Under Cellino’s tenure wages were not paid, long-term, respected employees sacked, facilities at Thorp Arch closed, players were forced to bring in their own lunch and the Academy run down. The squad was filled with second rate players from second rate Italian clubs coached by second rate coaches, all who were being spied on by a former furniture salesman from Miami. A former club employee once described Cellino as ‘The most disrespectful man I have ever come across’ and that was proved true. He did not respect the fans or the club, as Bates and Ridsdale before him he cared only for himself.

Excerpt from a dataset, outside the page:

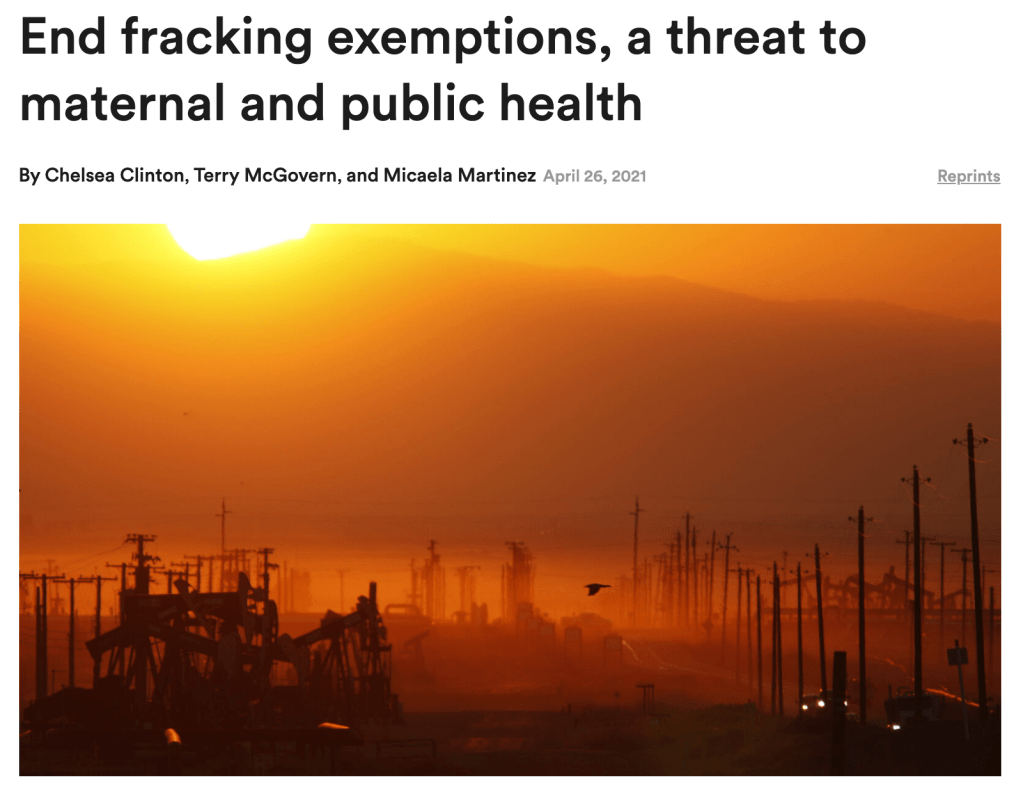Dr. Martinez worked with Terry McGovern and Chelsea Clinton to review the health threats of fracking and called for the Biden Administration to end fracking exemptions. They discuss how fracking can impact the development of the heart, reproductive system, and cardiovascular system for a fetus during pregnancy, thus:

So, after three years in the job how is Andrea Radrizzani doing? Of course it has not been perfect, the trip to Myanmar and the proposed new club badge obvious errors of judgement but so far he has been a good custodian of the club. He has bought back the ground, made sensible and necessary repairs and improvements and increased commercial revenues massively. The most important thing though is the backroom team he has put in place around him. The likes of Victor Orta, Angus Kinnear, Rob Price and critically Marcelo Bielsa have taken the club to a new level in terms of scouting, sports science and coaching and the results on the pitch have been a joy to watch.

The way the club has dealt with and prepared for the Coronavirus pandemic has shown a level of preparedness and professionalism we just haven’t seen under other owners. Individual fitness programmes, equipment shipped to players homes, their own testing equipment! Lockdown has been difficult for the club and fans alike but the respect they have shown for former Leeds legends such as Norman Hunter, in the way he has been honoured are in stark contrast to the club under previous owners when the death of a legend could have passed without even a footnote in the matchday programme. With Leeds now on the precipice of a return to the topflight, solid foundations put in place, could even greater things lay ahead for Andrea Radrizzani’s Leeds United?